Bacillus coagulans ATCC 7050 preserves PS amplitude but not fEPSP slope in Aβ1–42-injected rats

Representative traces recorded from the dentate gyrus before and 5 min after high-frequency stimulation (HFS) are shown in Fig. 3. For fEPSP slope, two-way repeated measures ANOVA revealed a significant main effect of time (F(1.558, 31.16) = 51.17, P < 0.0001), but not group (F(3, 20) = 2.954, P = 0.0573), and no significant time × group interaction (F(9, 60) = 1.281, P = 0.266). In the AD group, potentiation at 5 min post-HFS was significantly reduced compared with Sham (P = 0.0274; Fig. 4) and remained impaired throughout the recording period.

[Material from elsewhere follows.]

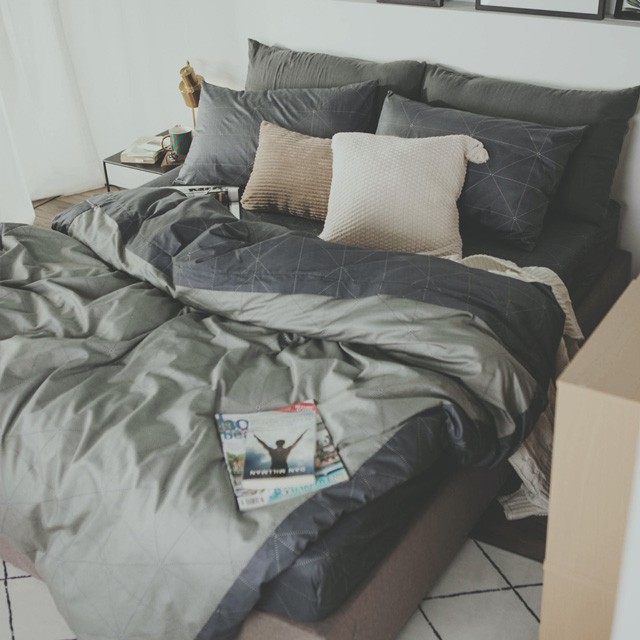 絲薇諾 精梳棉床包薄被套組/(雙人/加大)(艾維斯-黑灰)四件組/台灣製

Although the elevation of fEPSP slope in the AD + BC group compared to AD at the 5-minute mark was statistically significant (P = 0.033), this effect was transient and not sustained at later time points, suggesting short-term synaptic facilitation rather than stable long-term potentiation.

Fig. 3
figure 3

Sample traces of evoked field potentials in the dentate gyrus (DG) recorded before and 5 min after high-frequency stimulation (HFS) of the perforant pathway (PP) in all experimental groups.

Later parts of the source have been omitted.